- _TRY IT_:
Below are records with pictures; copy word for word only the lines between the line with "ENGAGE emotionally and" and the line with "B8972 Doming Bottom Die", inclusive, and drop the pictures.
START STORED DATA
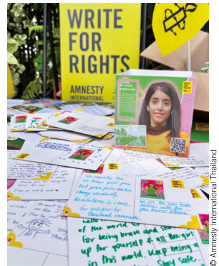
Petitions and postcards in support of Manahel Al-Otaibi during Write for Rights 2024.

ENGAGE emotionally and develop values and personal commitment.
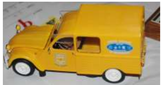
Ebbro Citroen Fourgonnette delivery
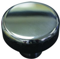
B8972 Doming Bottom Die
END STORED DATA
START STORED DATA
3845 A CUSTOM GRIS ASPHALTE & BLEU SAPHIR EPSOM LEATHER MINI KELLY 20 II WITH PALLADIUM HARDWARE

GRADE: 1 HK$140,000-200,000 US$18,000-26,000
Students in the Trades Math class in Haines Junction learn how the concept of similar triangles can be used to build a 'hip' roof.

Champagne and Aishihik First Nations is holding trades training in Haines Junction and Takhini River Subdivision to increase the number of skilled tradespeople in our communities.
END STORED DATA
- _SOLUTION TO THIS EXERCISE_:
ENGAGE emotionally and develop values and personal commitment.
Ebbro Citroen Fourgonnette delivery
B8972 Doming Bottom Die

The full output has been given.